Pictures are to be left out, and only the lines below starting at the one with "ปีการศึกษา 2565 >>คลิ๊ก<<" and ending at the one with "Durumu | Tarla |" are to be reproduced, each exactly, both ends included.
(Records for this task Opens)
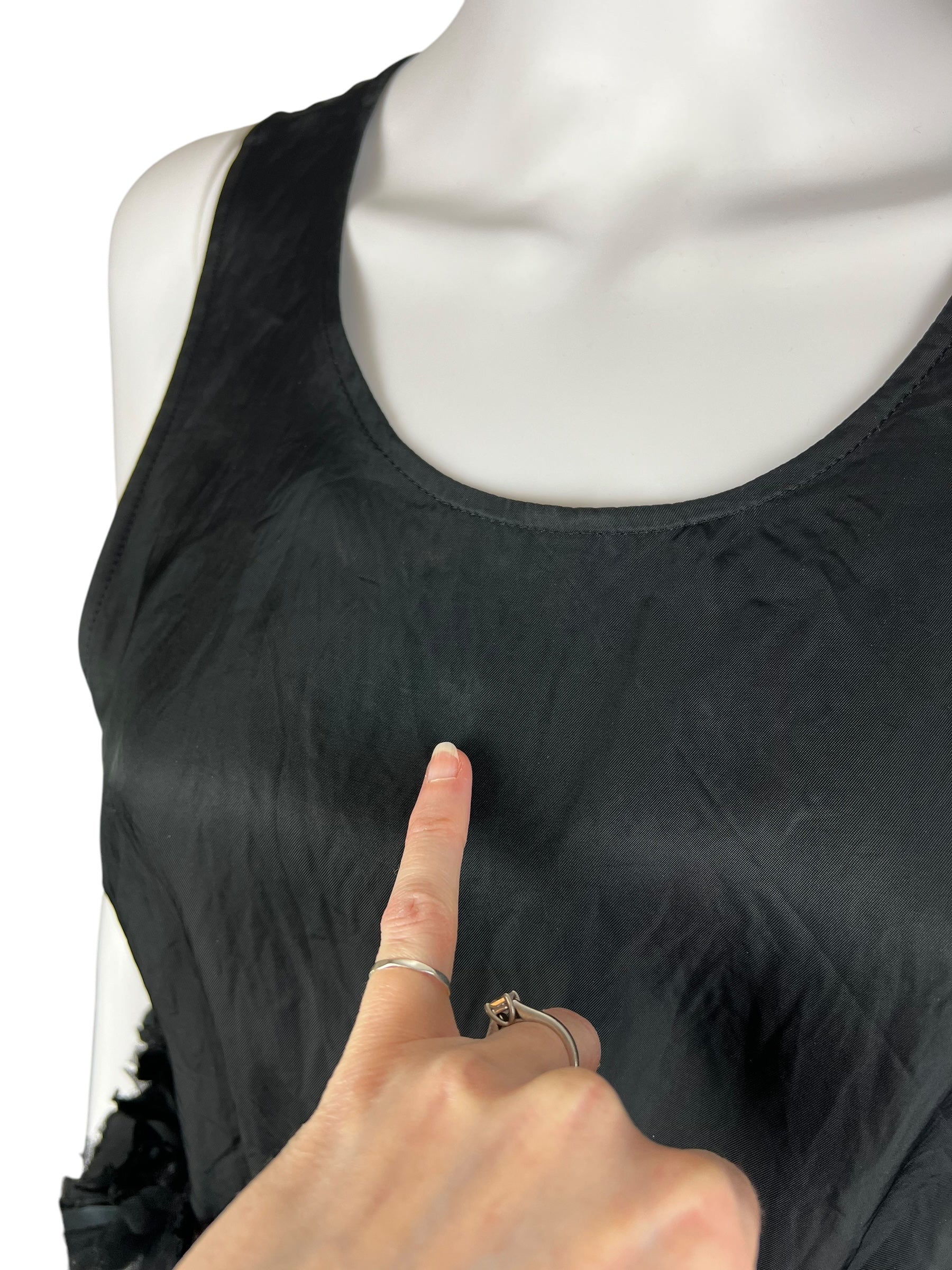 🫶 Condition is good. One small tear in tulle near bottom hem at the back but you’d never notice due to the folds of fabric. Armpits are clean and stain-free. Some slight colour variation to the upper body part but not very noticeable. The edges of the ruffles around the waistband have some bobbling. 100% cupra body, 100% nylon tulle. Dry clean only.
(Records for this task Closes)
(Records for this task Opens)
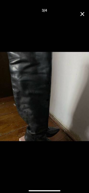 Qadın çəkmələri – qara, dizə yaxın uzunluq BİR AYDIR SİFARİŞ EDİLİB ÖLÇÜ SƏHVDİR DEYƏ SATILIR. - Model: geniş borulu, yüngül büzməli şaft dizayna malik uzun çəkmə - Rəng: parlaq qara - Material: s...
(Records for this task Closes)
(Records for this task Opens)
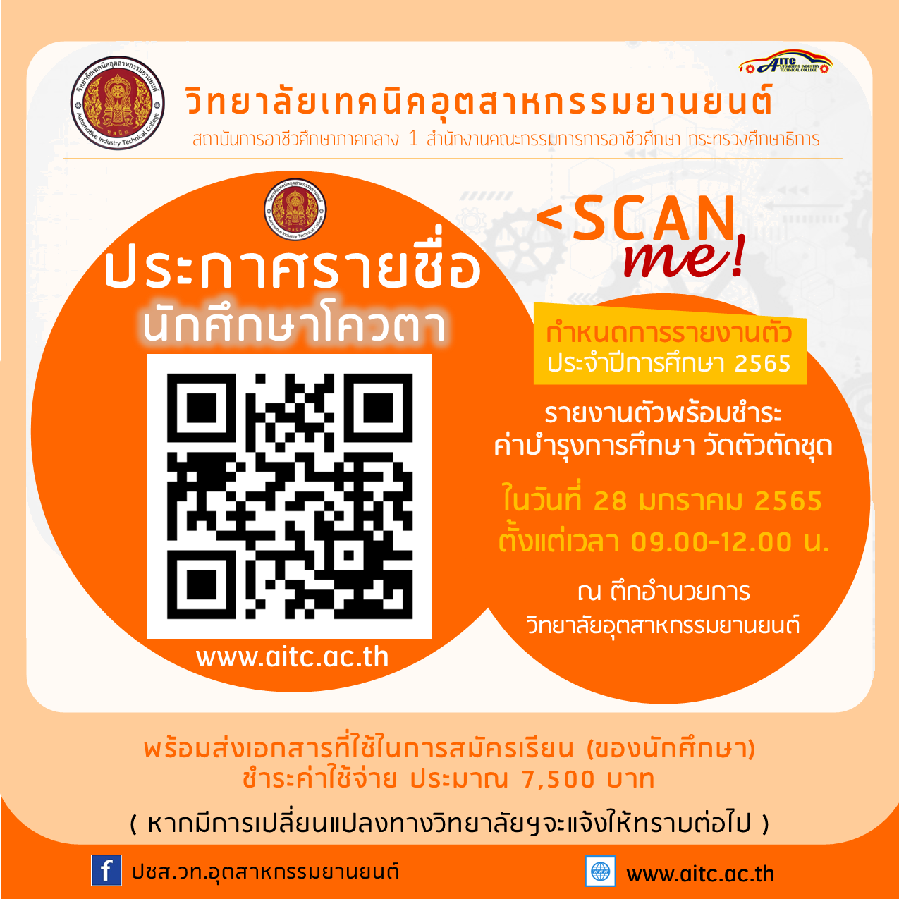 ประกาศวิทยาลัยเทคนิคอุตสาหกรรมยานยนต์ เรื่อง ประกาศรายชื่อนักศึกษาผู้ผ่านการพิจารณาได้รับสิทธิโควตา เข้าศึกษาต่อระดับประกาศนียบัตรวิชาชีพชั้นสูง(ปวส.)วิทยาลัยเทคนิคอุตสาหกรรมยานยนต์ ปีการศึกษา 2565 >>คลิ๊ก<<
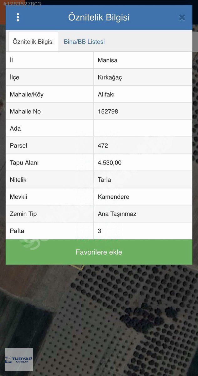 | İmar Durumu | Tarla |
(Records for this task Closes)
■ **Expected output**
 ประกาศวิทยาลัยเทคนิคอุตสาหกรรมยานยนต์ เรื่อง ประกาศรายชื่อนักศึกษาผู้ผ่านการพิจารณาได้รับสิทธิโควตา เข้าศึกษาต่อระดับประกาศนียบัตรวิชาชีพชั้นสูง(ปวส.)วิทยาลัยเทคนิคอุตสาหกรรมยานยนต์ ปีการศึกษา 2565 >>คลิ๊ก<<
 | İmar Durumu | Tarla |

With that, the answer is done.